Artificial Intelligence (AI) is here to stay and will likely affect every aspect of our lives.  When it comes to patents, there are a plethora of AI tools to assist with docketing, invention capture, patent application drafting, patent prosecution, valuation, invalidity analysis, and so on. More patent AI tools are being introduced almost daily.

Here’s my problem with the patent AI tools I’ve reviewed: They don’t help me learn. They take what I give them and make it look like a patent application or an office action response. So, if I don’t know what the result should be, and I rely on the accuracy and analysis of AI, I’m a disbarment waiting to happen.  

It takes legal and technical skills, experience, and knowledge to write a good patent application and to appropriately prosecute it so that a quality patent issues (i.e., one that can be enforced). Increasing one’s knowledge, skills, and experience is never-ending. They have to grow with each new invention or the resulting patent application will suffer.  

With respect to patents, knowledge is about knowing what to do and write and, more importantly, it’s about knowing what not to do or write. I have a saying, “there is no one right way to write patents, but there are thousands of ways to screw them up.”  

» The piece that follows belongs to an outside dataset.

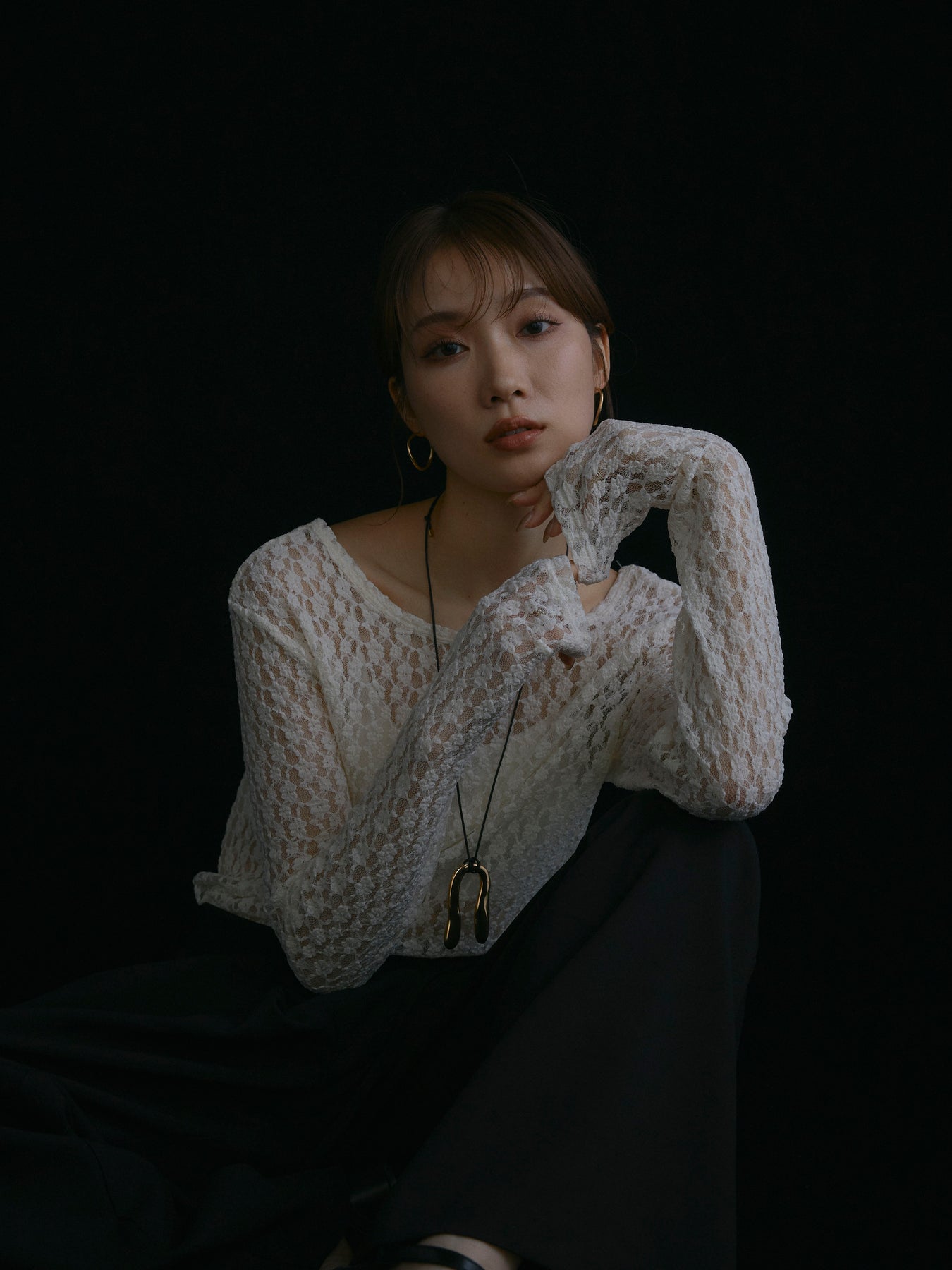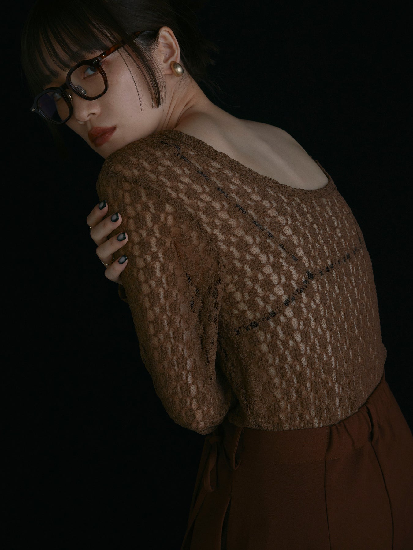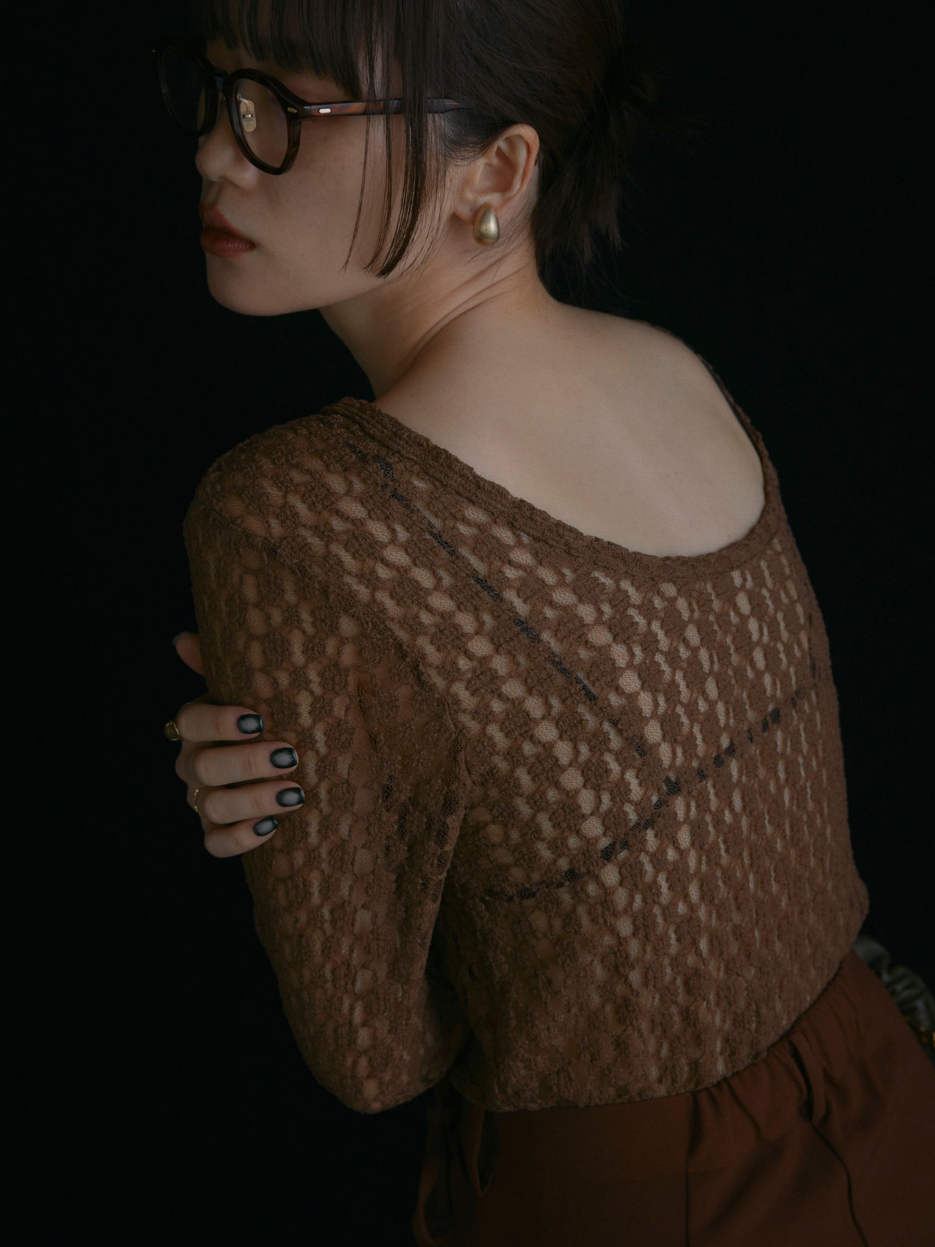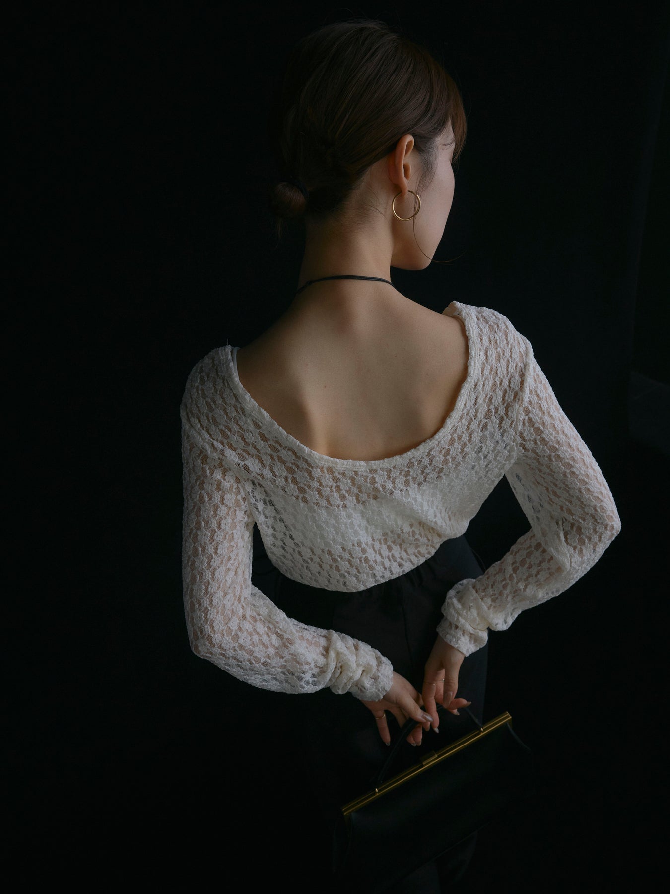程よい透け感のレースが女性らしさを引き立てる一枚。柔らかく肌なじみの良い素材で着心地も快適。程よく体に沿うシルエットがレイヤードにも最適で、ジャケットやベストのインナー使いとしても活躍します。バックスタイルは緩やかなラウンドカットになっており、抜け感のある着こなしを演出できます。
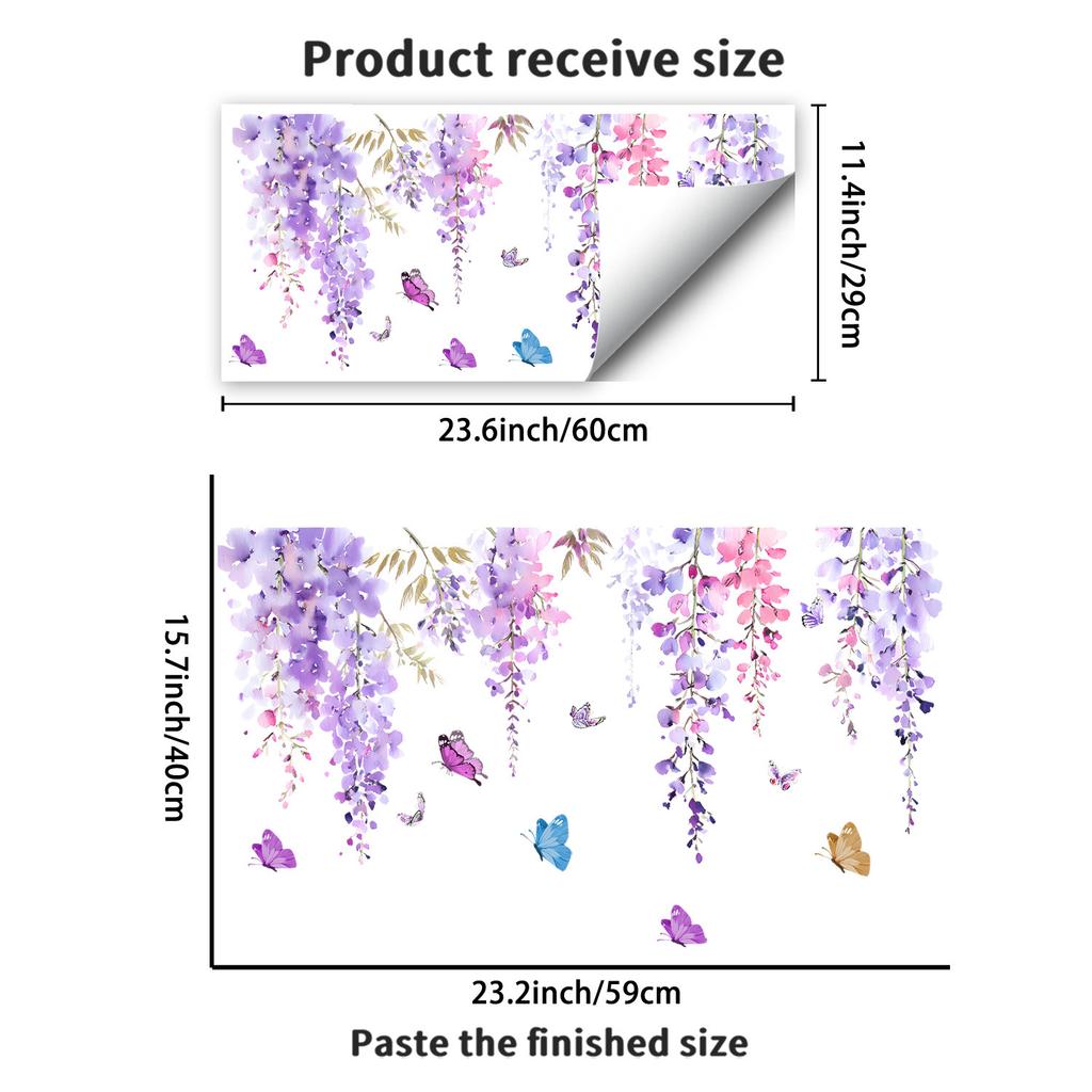 Colorful Pink Purple Wisteria Butterfly Flower Wall Sticker Self Adhesive Decal for Bedroom Living Room Hallway Home Decor

I have yet to see any AI tools that address my concerns. What I have seen are AI tools that use LLMs which incorporate all, or almost all, issued and pending applications. There is no separating good from bad: There are no metrics for determining good patent practice, there are no metrics for identifying bad patent practice, there are no metrics to determine enforceable claim quality, and so on.  

If an LLM includes the good, the bad, and the ugly, so will AI’s answers. If patent practitioners cannot tell “AI gold” from “AI garbage”, then all AI will do is help the practitioner write crappy patents faster. This helps no one and hurts the entire patent ecosystem.

For AI to help patent practitioners: 1. It needs to help practitioners learn more information faster, 2. It needs to compliment and increase human intelligence, not replace it, 3. It needs to leverage its data processing abilities to enhance human decision making, and 4. It needs to make sure that all critical decisions are made by humans, not AI.

**Please note that this article is not legal advice; it is not a legal opinion; nor should you rely on it as legal advice or as a legal opinion. This article merely expresses the author’s general thoughts on a topic regarding the business of patents. Nothing in this article establishes any form of an attorney-client relationship between you, the reader, and the author of this article.